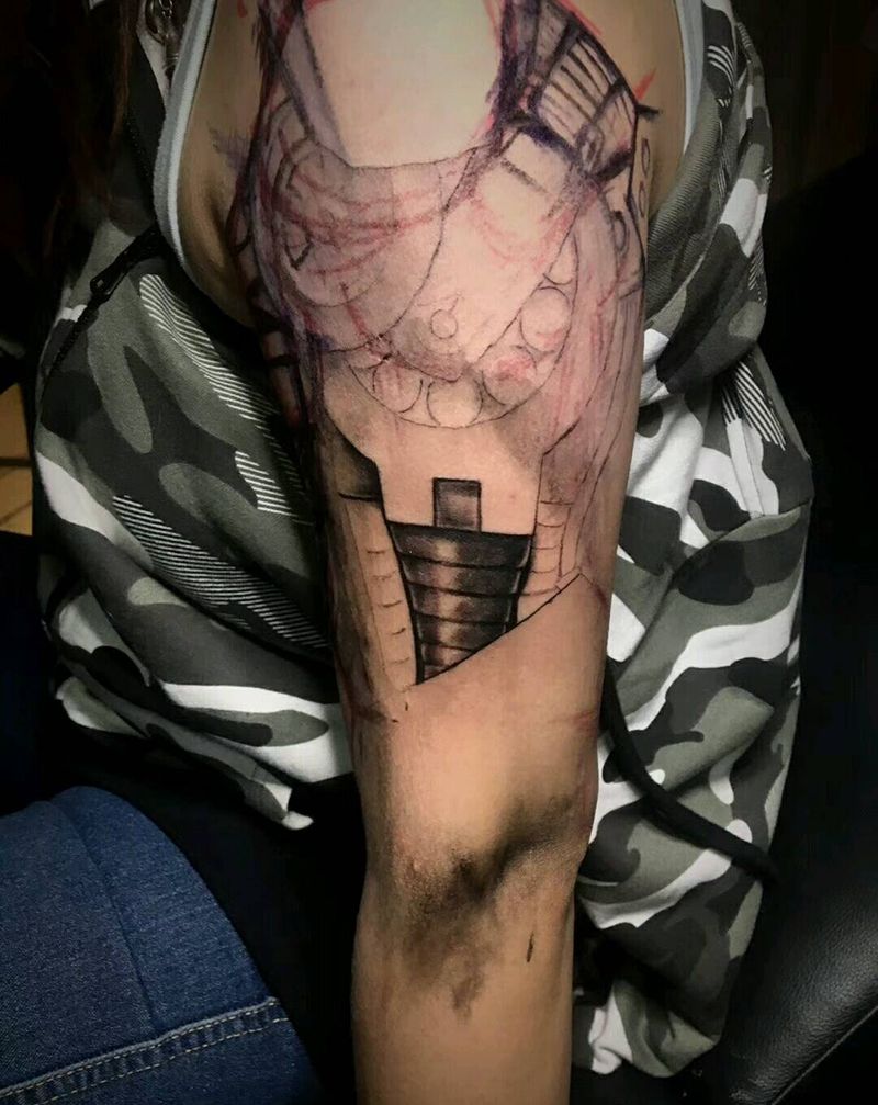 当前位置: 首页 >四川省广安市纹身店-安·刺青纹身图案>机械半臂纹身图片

...

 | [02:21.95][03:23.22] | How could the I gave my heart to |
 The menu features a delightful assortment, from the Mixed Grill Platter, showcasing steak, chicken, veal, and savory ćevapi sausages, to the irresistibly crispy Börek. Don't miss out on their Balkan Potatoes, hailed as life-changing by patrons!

---

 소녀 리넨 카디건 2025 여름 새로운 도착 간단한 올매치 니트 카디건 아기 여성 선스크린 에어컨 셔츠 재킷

THE PROBLEM - Which lines above run from the one containing "my heart to |" down to the one containing "The menu features"? Repeat exactly those, both ends included, and nothing else.

YOUR RESPONSE -
 | [02:21.95][03:23.22] | How could the I gave my heart to |
 The menu features a delightful assortment, from the Mixed Grill Platter, showcasing steak, chicken, veal, and savory ćevapi sausages, to the irresistibly crispy Börek. Don't miss out on their Balkan Potatoes, hailed as life-changing by patrons!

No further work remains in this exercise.